ICONa construction engineering company that has raised more than $400 million in funding has won a new contract from NASA to develop new systems to build on the moon and Mars.
The $57.2 million contract is a continuation of a previous Small Business Innovation Research (SBIR) dual-use contract with the United States Air Force that was funded in part by NASA. This award supports the development of what ICON calls ‘Project Olympus’, an ambitious plan to build structures on the Moon and Mars using in-situ resources.
“To shift the space exploration paradigm from ‘there and back’ to ‘there to stay,’ we need robust, resilient and generally capable systems that can utilize the local resources of the Moon and other planetary bodies,” ICON CEO Jason Ballard said in a statement. Clearly, NASA agrees. Indeed, the agency has explicitly stated that one of the goals of its ambitious Artemis lunar program is to establish a long-term human presence on the moon. But so far, NASA hasn’t made clear plans about where those astronauts will stay once they get there.
Best known for its 3D printed houses, ICON has been working on Project Olympus for a while now. The company received the first SBIR grant from the US Air Force in October 2020 for $14.55 million. This last financing will keep the project alive for at least another handful of years: the contract will run until 2028.

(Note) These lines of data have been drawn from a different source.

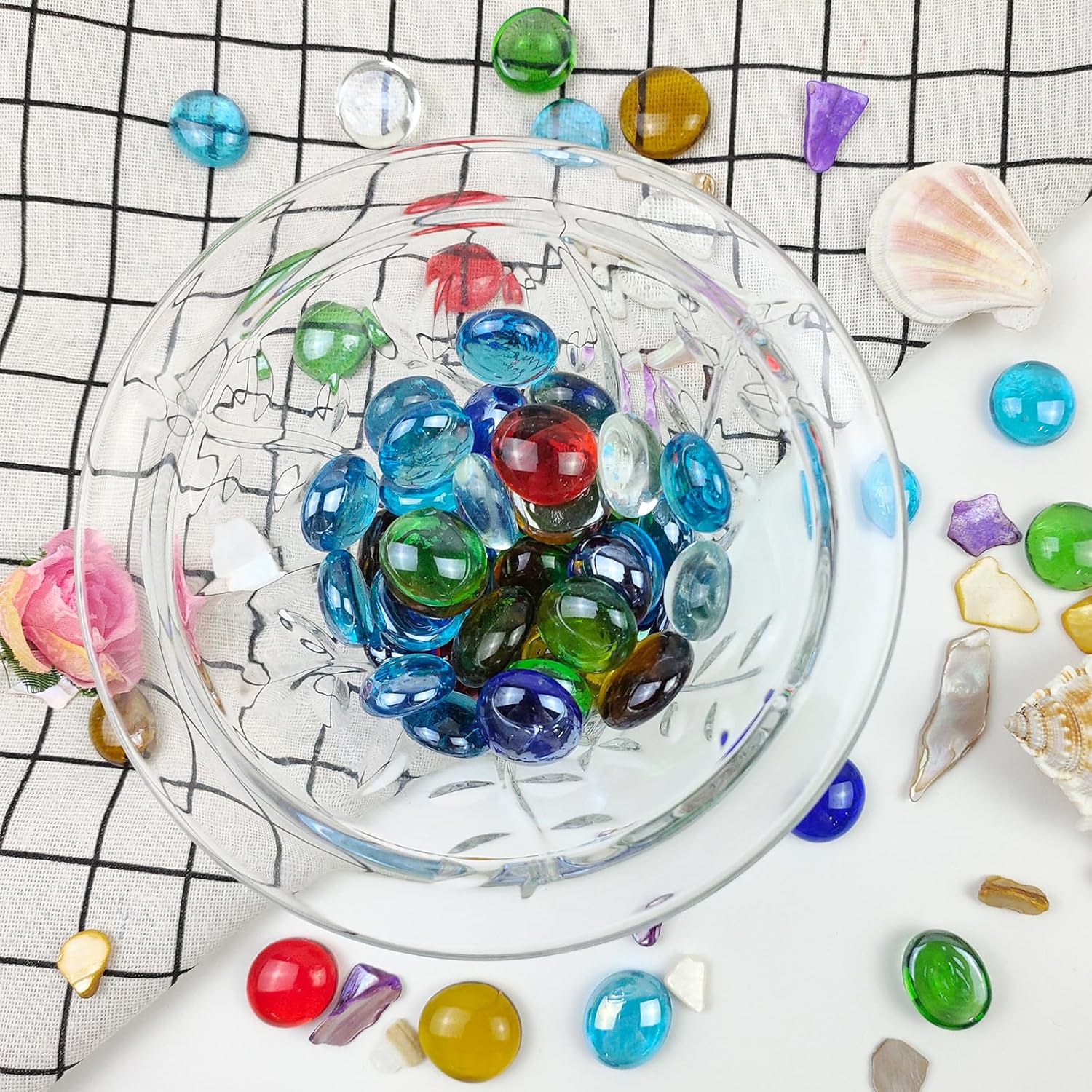【100Pcs Flat Marbles】Mixed color flat marbles consist of dark blue, light blue, yellow, red, green and clear,1 pound glass pebbles approx 90-100 pcs. Each diameter is about 0.7-0.8 inch
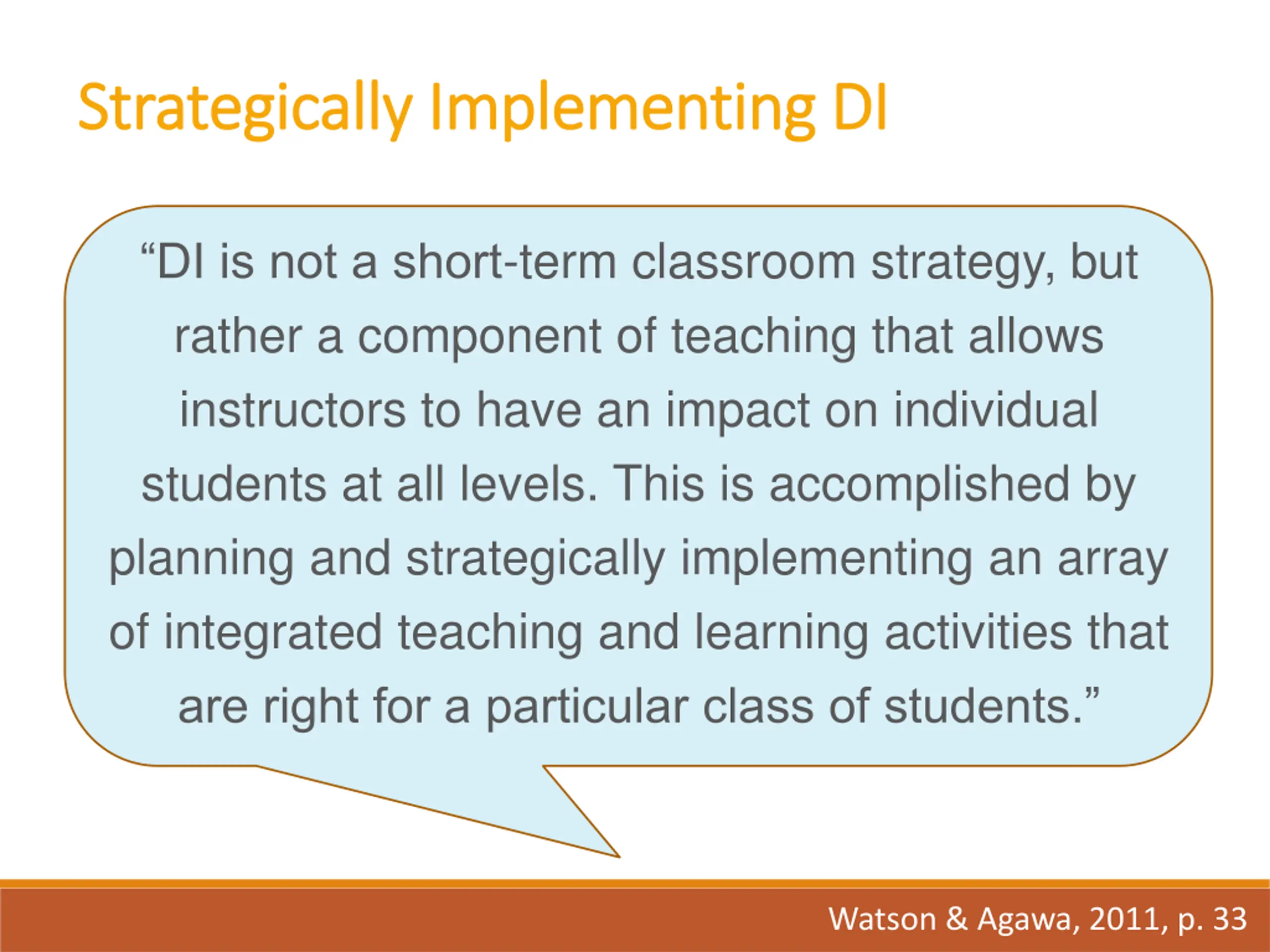 Strategically Strategically Implementing ImplementingDI DI DI is not a short-term classroom strategy, but rather a component of teaching that allows instructors to have an impact on individual students at all levels. This is accomplished by planning and strategically implementing an array of integrated teaching and learning activities that are right for a particular class of students. Watson & Agawa, 2011, p. 33
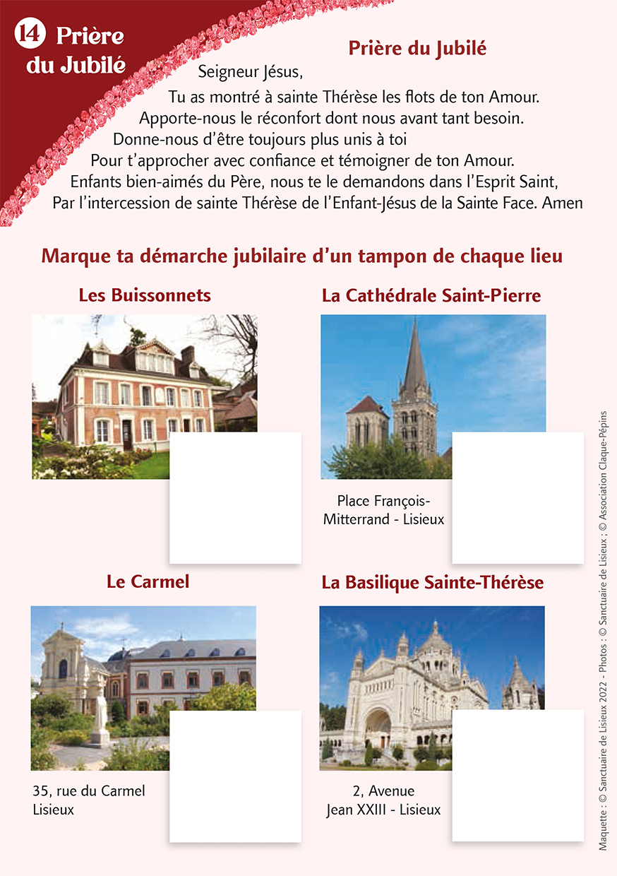 - 15h30 : Ouverture de la Porte Sainte par Monseigneur Habert, Evêque de Bayeux et Lisieux. Démarche jubilaire sur les lieux thérésiens (Basilique, Évocation Buissonnets, Cathédrale, Carmel)
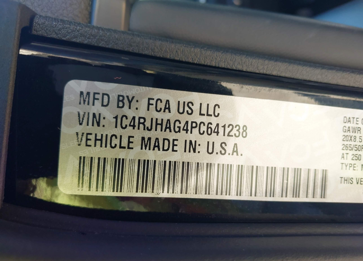 • VIN: 1C4RJHAG4PC641238
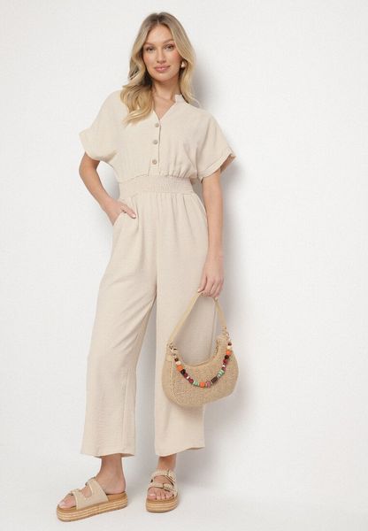 Beżowy Kombinezon z Wiskozy z Gumką w Talii i Dekoltem w Serek z Guzikami Nisella
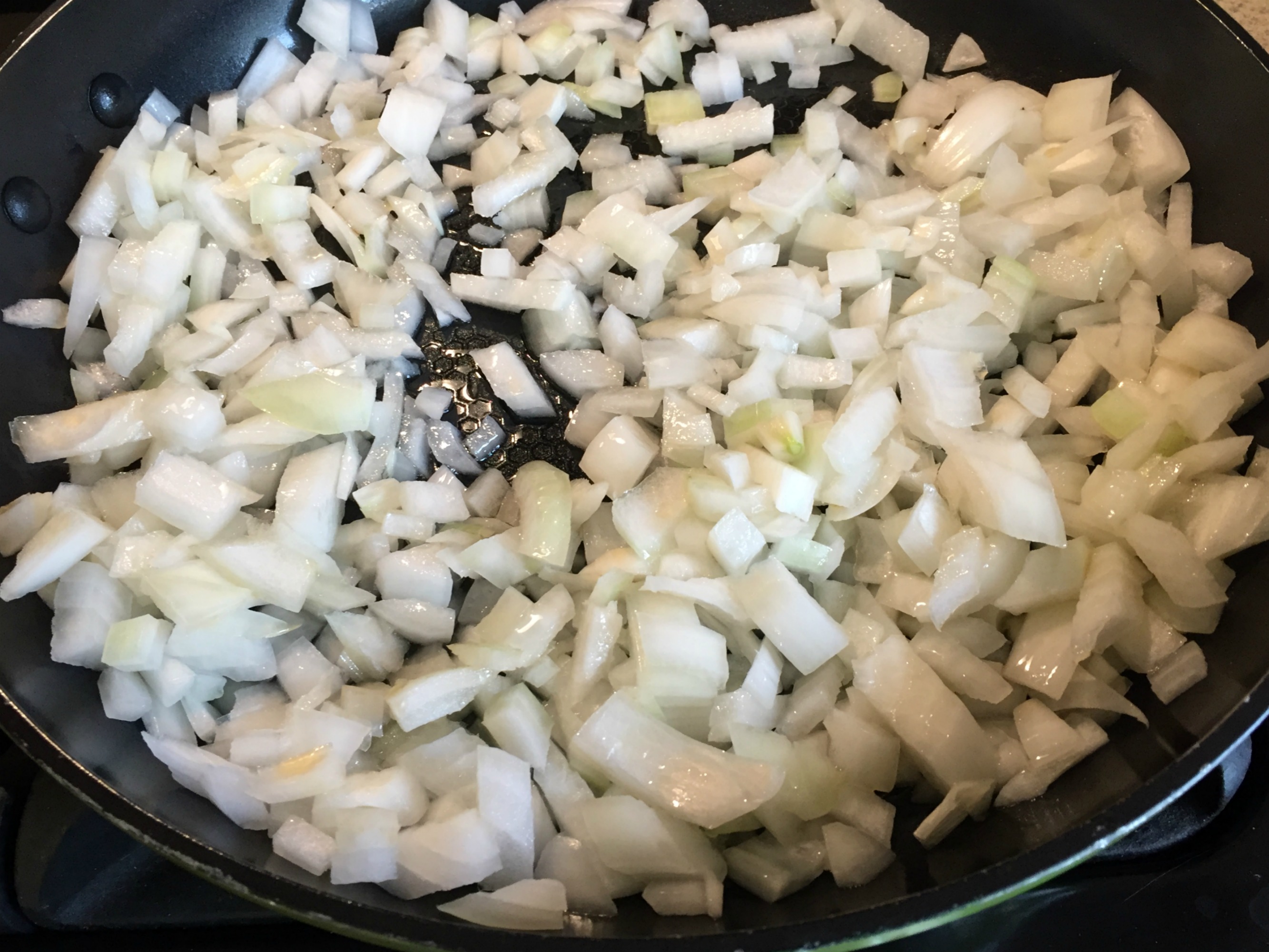 Chop the onion into small pieces. Saute in oil until they begin to turn clear.

Under the terms of this contract, ICON will collaborate with NASA’s Marshall Space Flight Center under the name “Moon to Mars Planetary Autonomous Construction Technologies” project. The company plans to work with lunar regolith samples and take its hardware and software into space to develop construction approaches that can function best in the moon’s cold, low-gravity atmosphere. Habitats aren’t the only thing on the company’s radar: It also monitors landing pads and other infrastructure to aid long-term lunar exploration.
ICON has experienced explosive growth since its inception in late 2017. The company posted a Series B of $207 million last August and closed another $185 million just six months later. Sources told businessroundups.org that the latest funding pushed ICON’s valuation up nearly $2 billion.